One of my favourite verses is Philippians 4:13 “I can do anything through Christ who gives me strength.”

When I first read the verse, I thought it meant I could do EVERYTHING as long as I believed in Christ. This is very far from the truth. It means I can handle anything that comes at me in my life. God will give me the amount of strength I need to get through each situation.

This fact has been most evident throughout my life. I can look at my past two ways:

  1. “Why do all these bad things keep happening to me? I must be a horrible person that even God has given up on me.”
  2. “I must be loved by my Father in Heaven because He is always there for me when tough times hit, and He gives me the strength to get through them.”

I choose the second one; however, growing up I had such horrible self-esteem that number one was my way of life.

What changed? About six months after I prayed Christ into my life, I had a car accident. I had a severe concussion, broken collarbone and needed stitches in my forehead. My parents drove me to see my car and retrieve my belongings. When I did, I was shocked by all the damage.

For the first time, I didn’t think about how another bad thing happened to me. I saw something else. My mind flashed on all those “bad things” and showed me how each one could have been so much worse. I finally saw Jesus at work, protecting me, giving me strength.

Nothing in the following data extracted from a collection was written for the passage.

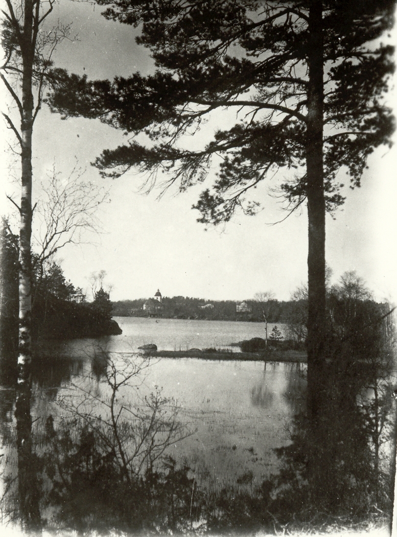 Vy över sjön Hjorten. I bakgrunden skymtas Hjorteds kyrka.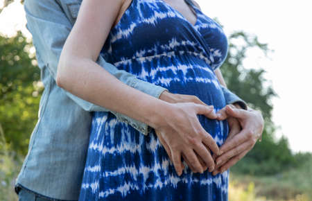 A young couple expecting their first child - hands held in shape of heart of her belly. Close-up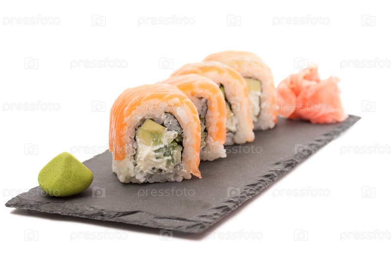 Суши ролл Филадельфия, изолированные на белом фоне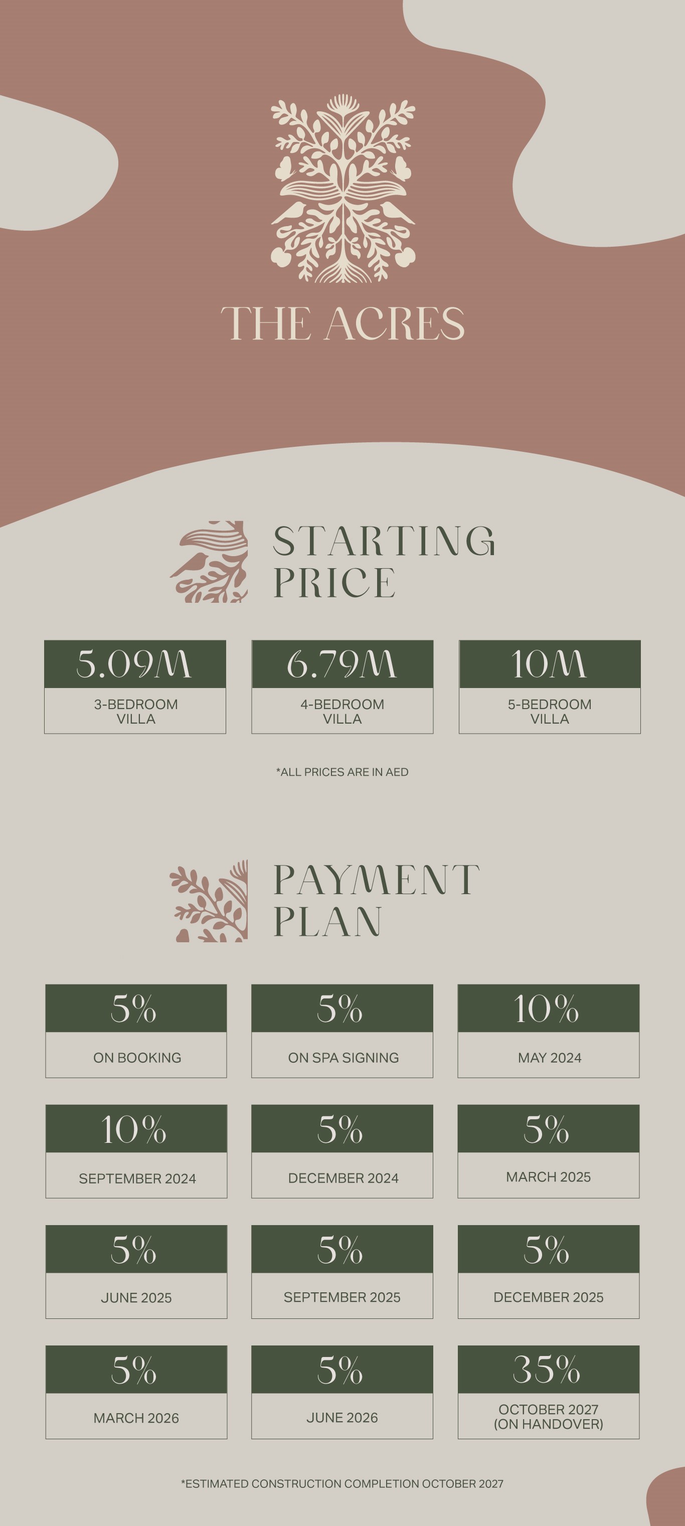 The Acres Estates Phase 3 by Meraas welcomes you to a world of unparalleled luxury at the well-known destination of Dubailand lined with premium 5, 6 & 7-bedroom villas. This outstanding development features a luxurious high-end façade created to give a new meaning to contemporary living. Where nature and luxury blend perfectly into a haven of sheer elegance and serenity, this enclave makes its presence a perfect blend between architectural marvel and serene landscape. Each villa exudes opulence, with expansive living spaces, flowing indoor-outdoor areas and the highest selection finishes, acquired for all motion of the globe accomplished homeowners. Situated in one of Dubai’s most desired locations in Dubailand, it offers an exclusive chance to be the owner of a house that embodies poise and peace. Two distinct villa collections, Ivory and Amber have been masterfully crafted flawlessly to offer different design features that bring natural appeal. Open glass facades, wooden trim and details of stone give a classic image, helping every house smoothly to an environmental scene. The premium interiors enhance living experiences with comfortable room layout, and functionality at ease. A smooth experience in nature is what embodies the heart of this community, where walkable tree lines, swimmable ponds and lush green gardens give a floral escape from city life. Residents can unwind in exclusive outdoor spaces, take in panoramic views of their outdoor space or, allow themselves to soak in the serene atmosphere. Be it, strolling through carbuncular pathways, leveraging recreational stays or merely, sensing the serenity of nature, every second here is crafted to create a profound feeling of well-being.

I would need that strength for the years to come. Many more hurdles appeared in my way. I often asked, “why me Lord?”. When I did ask I would usually get an answer. More often or not I would realize that I was put in a situation so that I could help others at a later time.

I was up late again last night and got to thinking about my life and how much of it I wasted on not being myself – trying to be what I thought others wanted of me. I thought how much I would love to go back and do things again so I could have more time to live the life I have now.

However, in trying to figure out when the best time to go back was, I realized that no matter when I started, I would be risking some of the good times not happening. I quickly realized that my life has unfolded exactly as it should, and I have the Lord to thank for it all.

Matthew West wrote a song based on Philippians 4:13 called “Strong Enough.” It was part of a project he did about six years ago where he asked people to write in with their stories of how God strengthened them. He was amazed by all the replies he received. I hope you enjoy the song as much as I do.

Blessings,
Lydia!

 

4 Replies to “Faith-Full Sunday – “Strong Enough””

  1. Lydia, be you as you are most interesting. I do like your second interpretation as I believe God gives us the strength, brains and stamina to handle bad fortune. And, what may be first perceived as bad, may be good. While no one wishes for an autistic child, some families proclaim that having one has brought them closer together and made them better people. Take care, Keith

    Liked by 1 person

    1. Well said, Keith. I keep saying to people who pray for healing of my bipolar and chronic pain that they can pray that way but I pray for God’s will – if that is to heal me, so be it. If that is to use me for His glory, all the better.